The project content:

#### __1- Data Exploratory Analysis__
> 1-1 Data visualization 
>> 1-1-1 log-plot<br>
>> 1-1-2 Bar plot<br>
>> 1-1-3 Cross-plot<br>

> 1-2 Feature Engineering<br> 
>> 1-2-1 NaN imputation<br>
>> 1-2-2 Feature extraction<br>
>> 1-2-3 Oversampling<br>

> 1-3 Feature Importance<br> 
>> 1-3-1 Feature linear corrolation<br>
>> 1-3-2 Decision tree<br>
>> 1-3-3 Permutation feature importance<br>

#### __2- Build Model & Validate__
> 2-1 Baseline Model<br> 
> 2-2 Hyper-parameters
>> 2-2-1 Grid search<br>

#### __3- Model Evaluation-1__
> 3-1 Model Merices <br>
> 3-2 Confusion matrix <br>
#### __4- Model Evaluation-2__
> 4-1 Learning curves<br> 
> 4-2 ROC plot<br> 
> 4-3 Blind well prediction and evaluation<br> 

In [None]:
import pandas as pd
import matplotlib.colors as colors
import matplotlib.pyplot as plt
from mpl_toolkits.axes_grid1 import make_axes_locatable
from sklearn.preprocessing import LabelEncoder
from collections import Counter
pd.set_option('display.max_rows', 30)
import numpy as np
import seaborn as sns
from sklearn.metrics import accuracy_score

In [None]:
df = pd.read_csv('facies_vectors.csv')

In [None]:
# specify some data types may python concern about
df['Facies'] = df['Facies'].astype('int')
df['Depth'] = df['Depth'].astype('float')
df['Well Name'] = df['Well Name'].astype('category')
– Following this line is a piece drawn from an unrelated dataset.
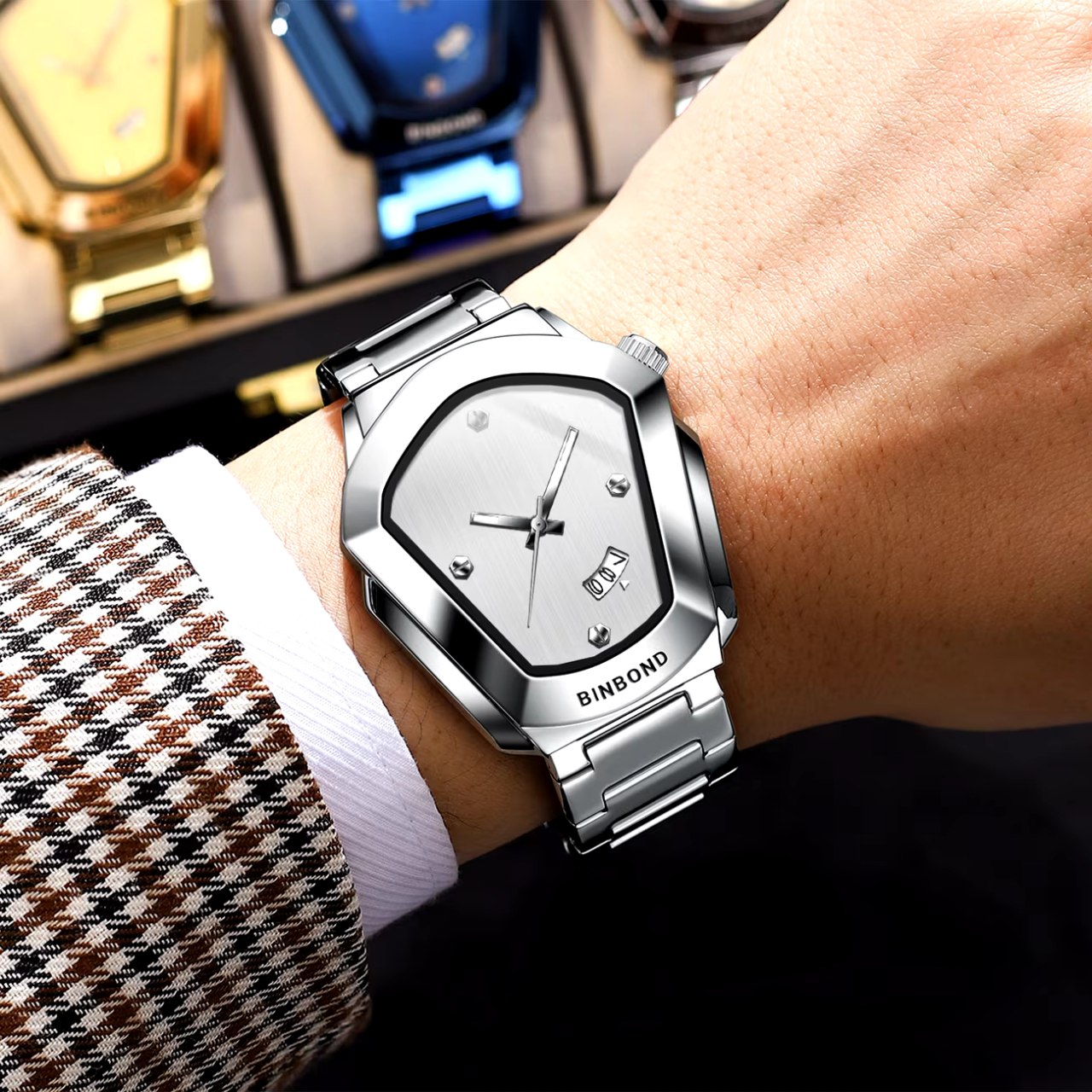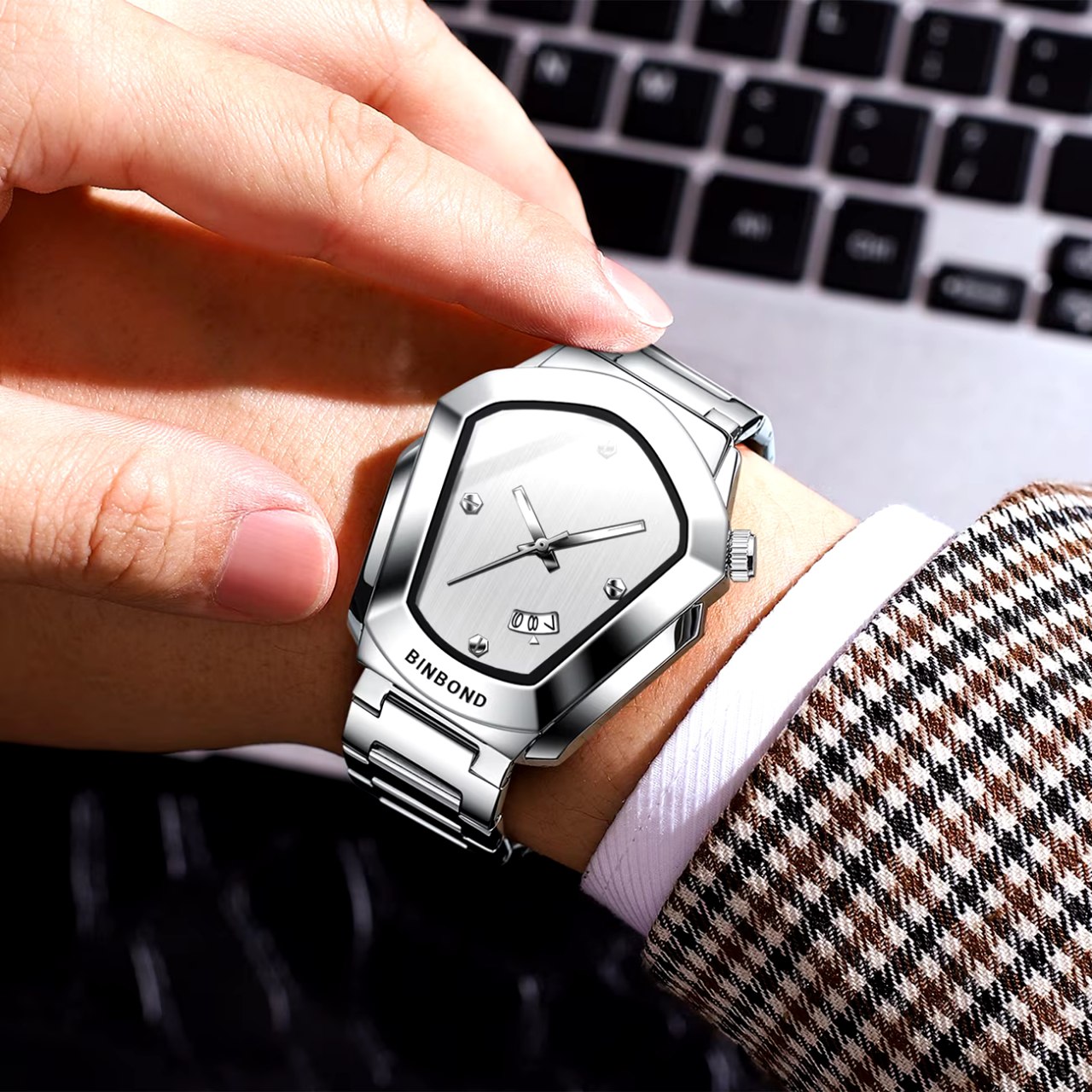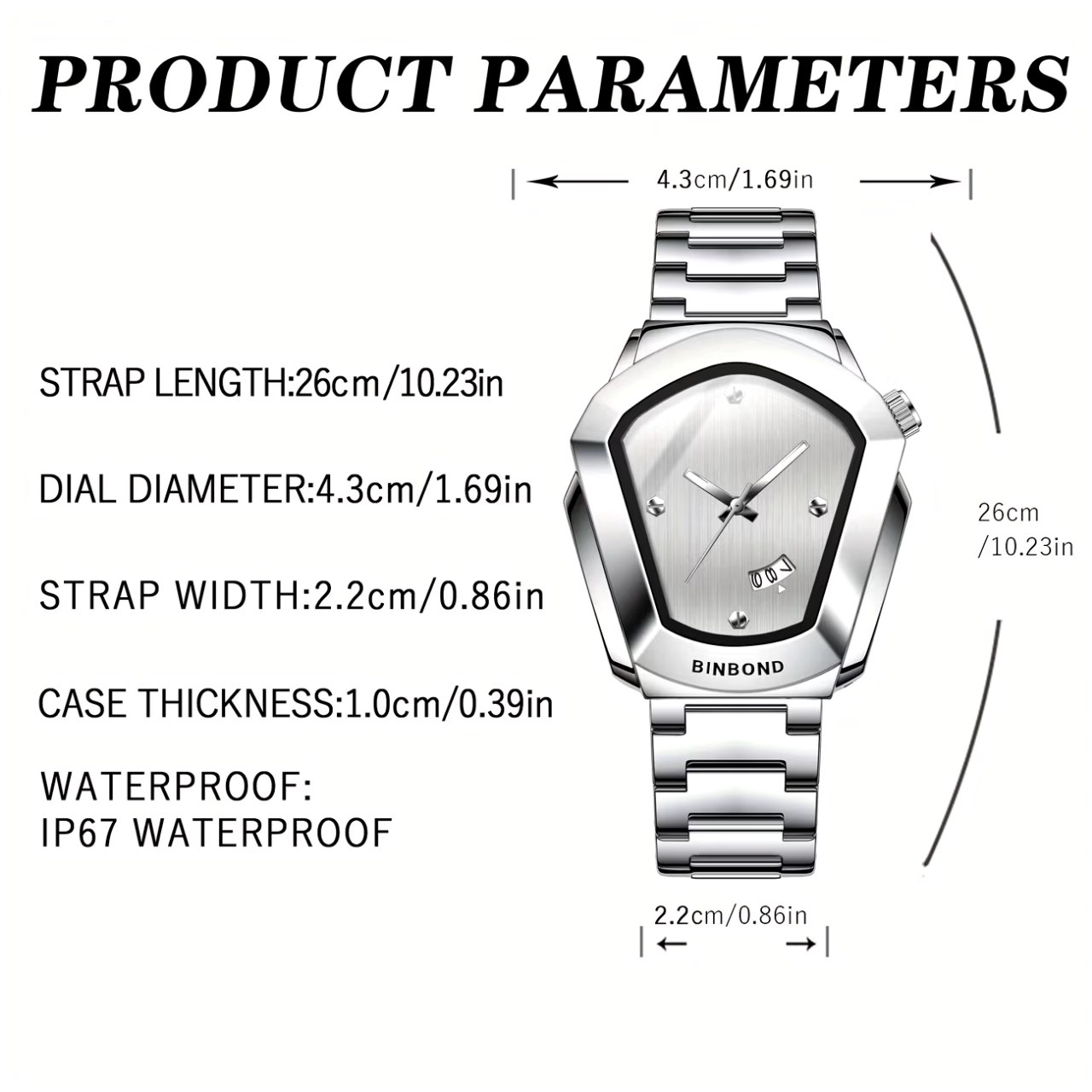 ساعت مچی مردانه مدل بوگاتی برند بین باند BIN BOND با بند استیل و صفحه سفید یک کار خاص مثل بوگاتی است. این مدل شرکتی اوریجینال با موتور کوارتز دارای روزشمار شیشه معدنی ضد خش رفلکس دار و کاملا مقاوم در برابر آب میباشد. بند استیل فولادی ضد حساسیت پوستی با قفل دو پروانه در کنار قطر صفحه ۴۵ میل و ضخامت ۱۱ میل طراحی قدرتمند آن را کامل کرده و فروشگاه اینترنتی روبی مد این ساعت را همراه با کارت گارانتی ارائه میدهد.

### 1-1 Data visualization 
#### 1-1-1 log-plot

In [None]:
# colors 
facies_colors = ['xkcd:goldenrod', 'xkcd:orange','xkcd:sienna','xkcd:violet',
       'xkcd:olive','xkcd:turquoise', "xkcd:yellowgreen", 'xkcd:indigo', 'xkcd:blue']

facies_labels = ['SS', 'CSiS', 'FSiS', 'SiSh', 
                 'MS',  'WS', 'D','PS', 'BS']
#facies_color_map is a dictionary that maps facies labels to their respective colors
facies_color_map = {}
for ind, label in enumerate(facies_labels):
    facies_color_map[label] = facies_colors[ind]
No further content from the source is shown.